### ABOUT THIS EXERCISE
For this exercise, output the entries below exactly from the line that holds "37 38 small" to the line that holds "Bracciale in ottone", both ends included. No pictures belong in the copy.

### DATA PROVIDED
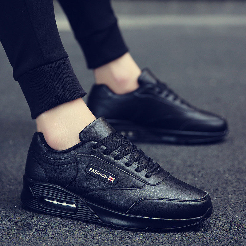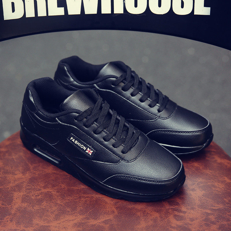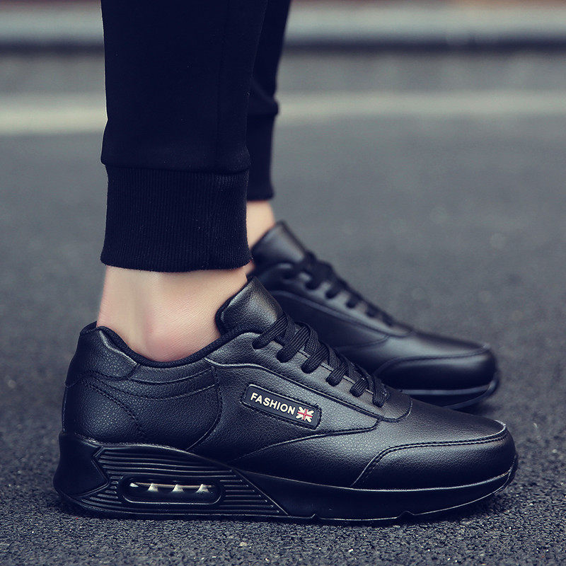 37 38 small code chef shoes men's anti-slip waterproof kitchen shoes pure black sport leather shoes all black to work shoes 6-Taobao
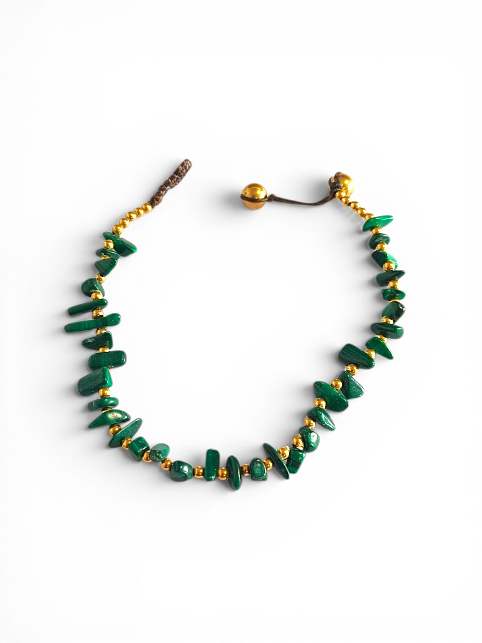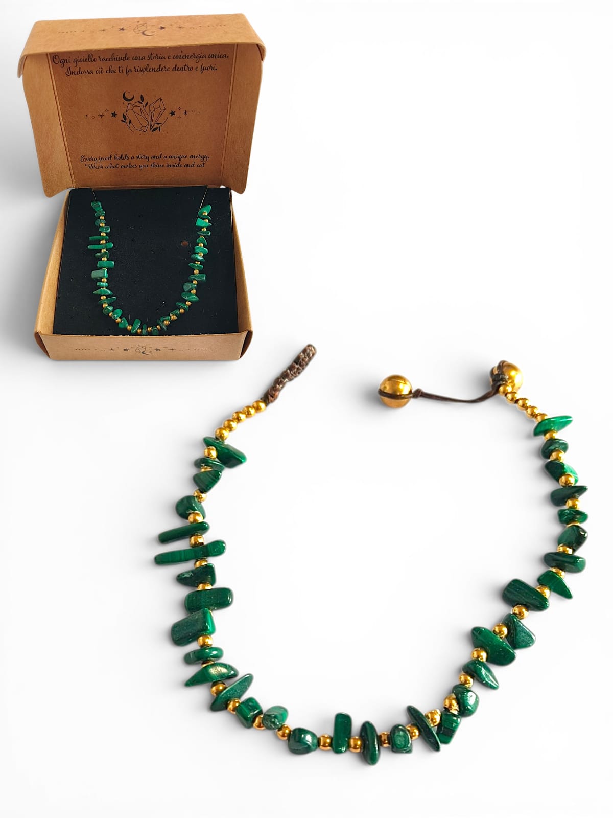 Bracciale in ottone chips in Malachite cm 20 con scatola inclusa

---

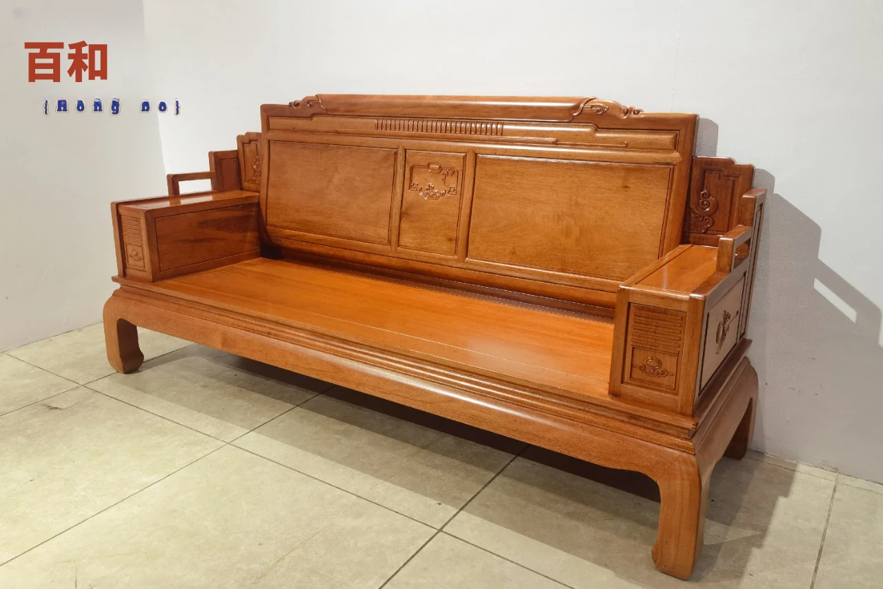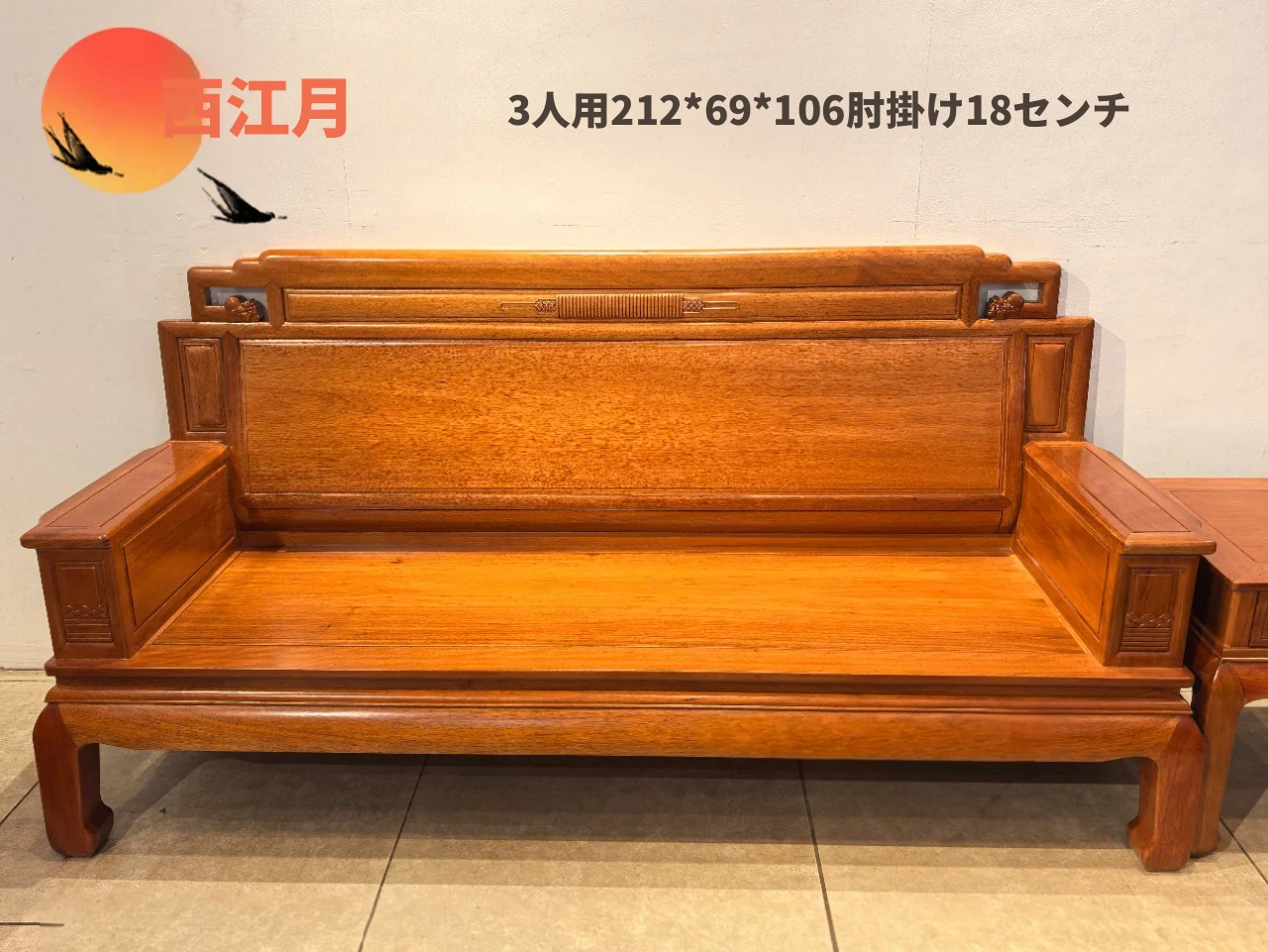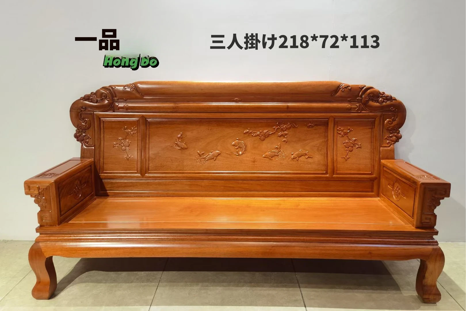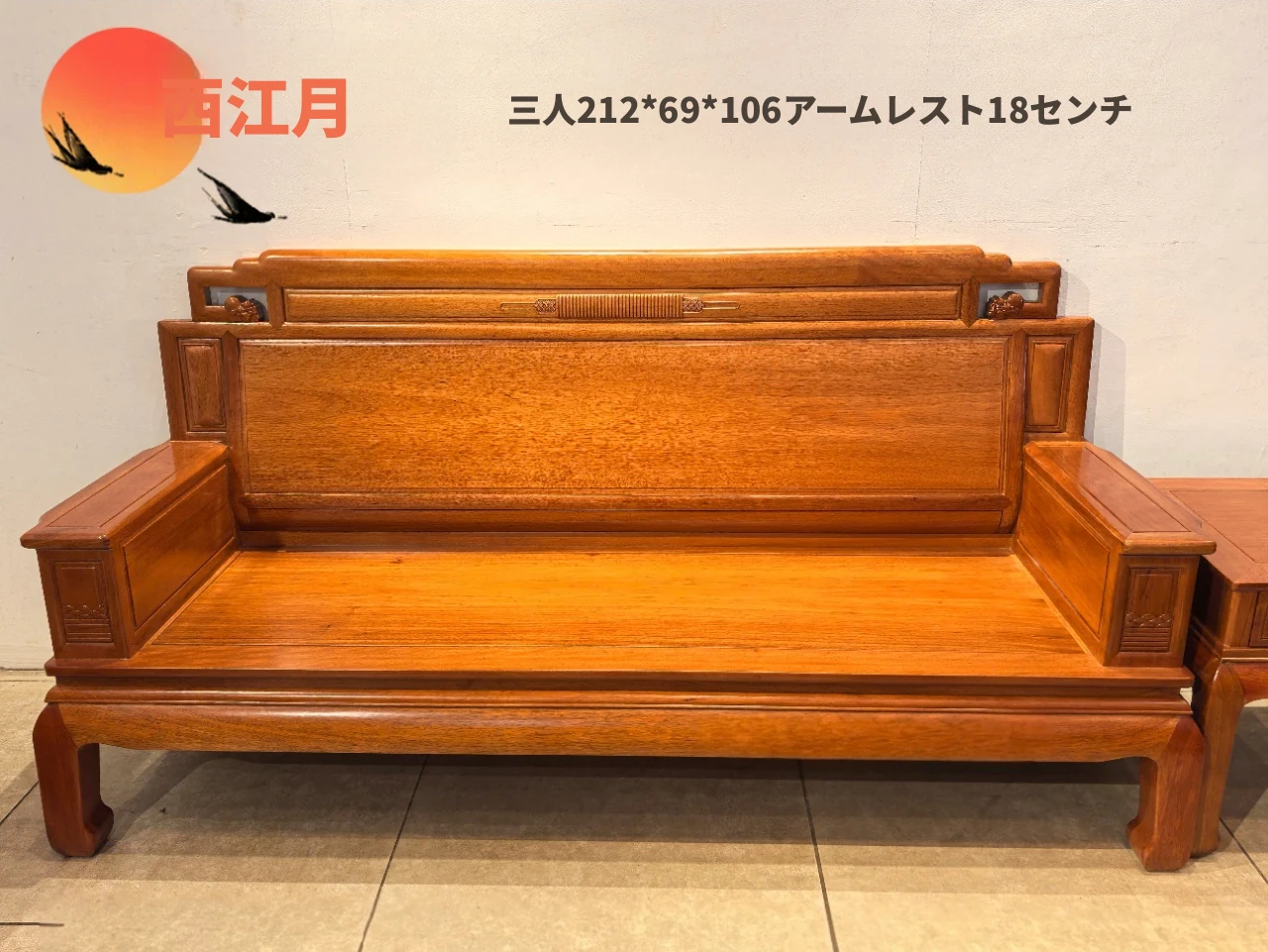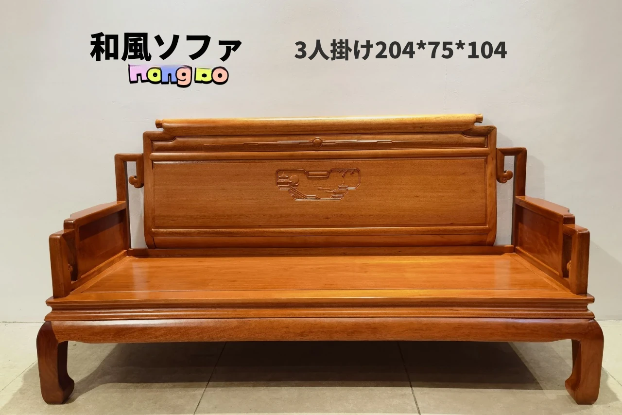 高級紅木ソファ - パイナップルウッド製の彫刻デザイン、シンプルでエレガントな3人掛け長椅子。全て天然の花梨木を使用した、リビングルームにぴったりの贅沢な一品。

### RESPONSE
 37 38 small code chef shoes men's anti-slip waterproof kitchen shoes pure black sport leather shoes all black to work shoes 6-Taobao
 Bracciale in ottone chips in Malachite cm 20 con scatola inclusa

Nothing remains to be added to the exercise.